* [TASK DIRECTIONS]: From the first line of the material to the line containing "Ace 2-1/2 in.", inclusive, write out each line exactly, leaving out the pictures.

* [DATASET CONTENT]:
◇ ◇ ◇ ◇ ◇

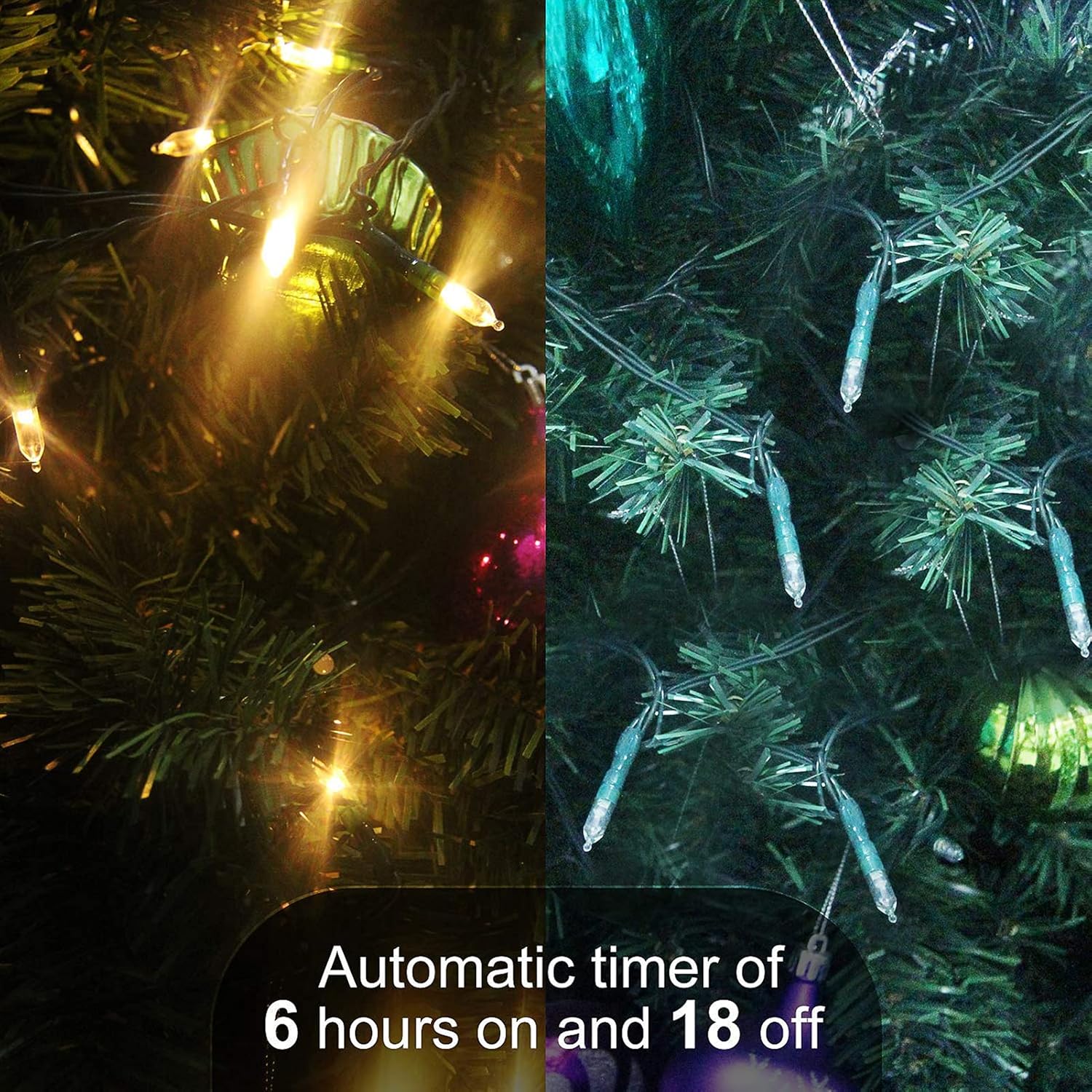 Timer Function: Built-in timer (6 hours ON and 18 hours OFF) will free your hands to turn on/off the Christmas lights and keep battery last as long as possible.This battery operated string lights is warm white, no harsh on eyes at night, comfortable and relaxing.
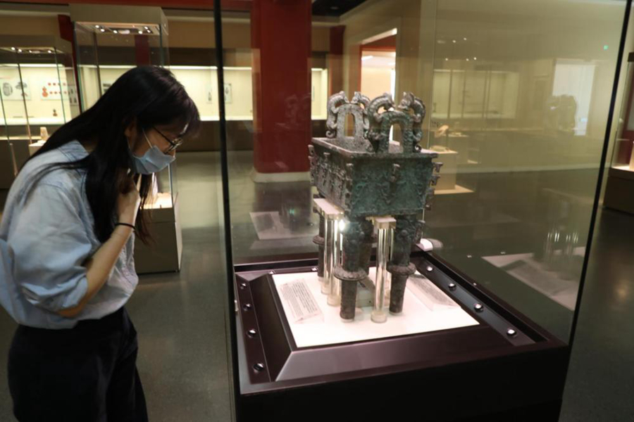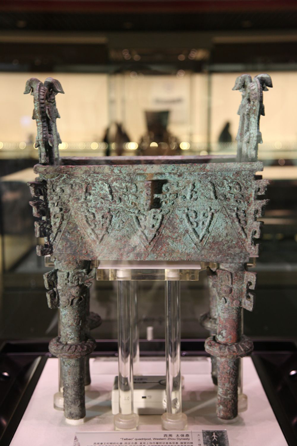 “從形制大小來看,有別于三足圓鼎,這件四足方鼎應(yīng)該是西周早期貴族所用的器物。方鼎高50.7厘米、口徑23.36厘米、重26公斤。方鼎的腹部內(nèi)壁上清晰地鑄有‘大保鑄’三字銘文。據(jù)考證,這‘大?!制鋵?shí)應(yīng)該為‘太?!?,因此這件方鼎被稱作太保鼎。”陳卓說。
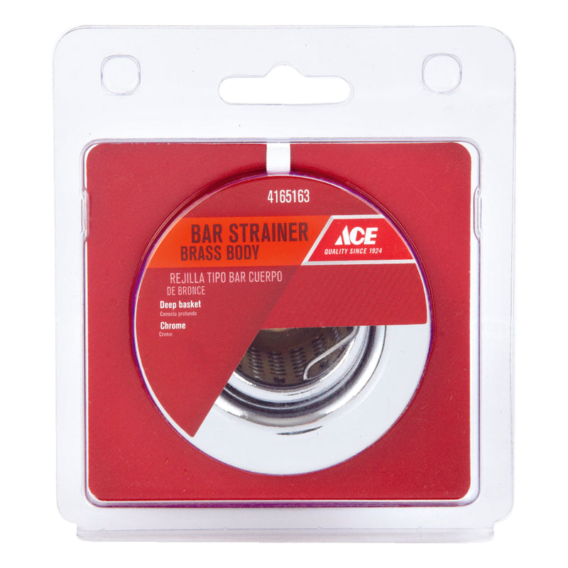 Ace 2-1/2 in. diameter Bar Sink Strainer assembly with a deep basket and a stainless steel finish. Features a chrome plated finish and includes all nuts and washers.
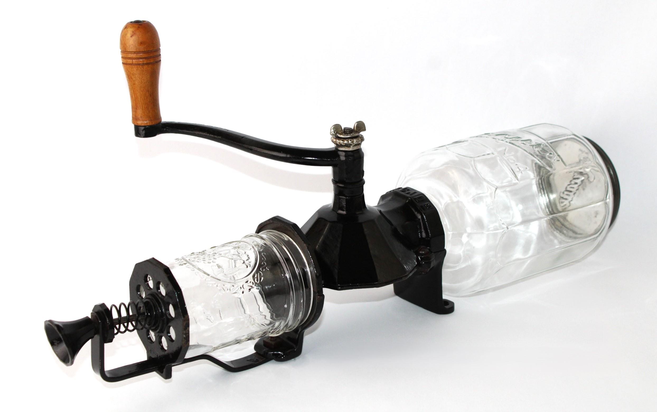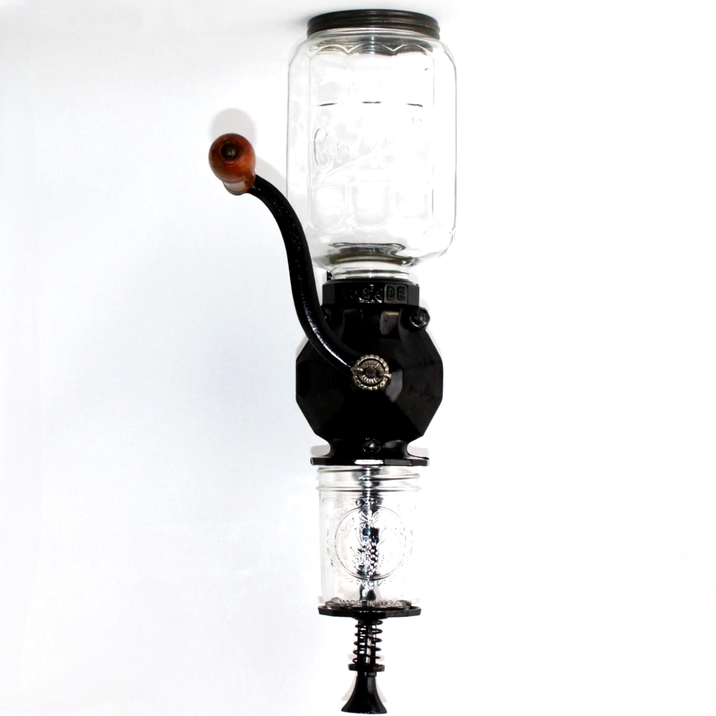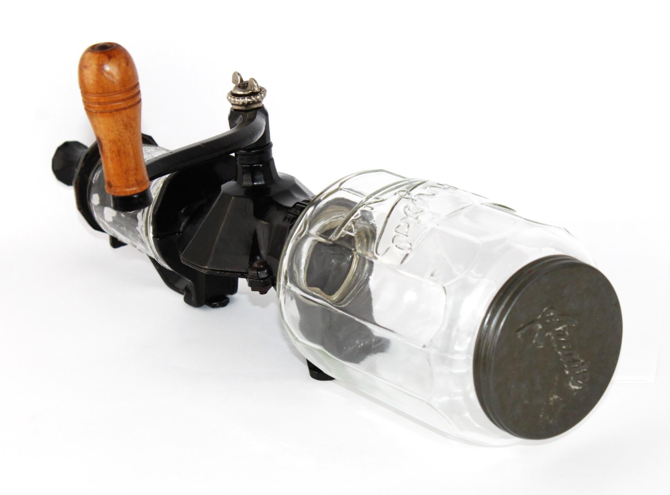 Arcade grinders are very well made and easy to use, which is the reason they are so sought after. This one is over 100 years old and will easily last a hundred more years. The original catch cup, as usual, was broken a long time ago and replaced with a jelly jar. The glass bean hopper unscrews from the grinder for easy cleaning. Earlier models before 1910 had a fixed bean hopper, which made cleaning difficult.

◇ ◇ ◇ ◇ ◇

* [OUTPUT]:
 Timer Function: Built-in timer (6 hours ON and 18 hours OFF) will free your hands to turn on/off the Christmas lights and keep battery last as long as possible.This battery operated string lights is warm white, no harsh on eyes at night, comfortable and relaxing.
 “從形制大小來看,有別于三足圓鼎,這件四足方鼎應(yīng)該是西周早期貴族所用的器物。方鼎高50.7厘米、口徑23.36厘米、重26公斤。方鼎的腹部內(nèi)壁上清晰地鑄有‘大保鑄’三字銘文。據(jù)考證,這‘大?!制鋵?shí)應(yīng)該為‘太?!?,因此這件方鼎被稱作太保鼎。”陳卓說。
 Ace 2-1/2 in. diameter Bar Sink Strainer assembly with a deep basket and a stainless steel finish. Features a chrome plated finish and includes all nuts and washers.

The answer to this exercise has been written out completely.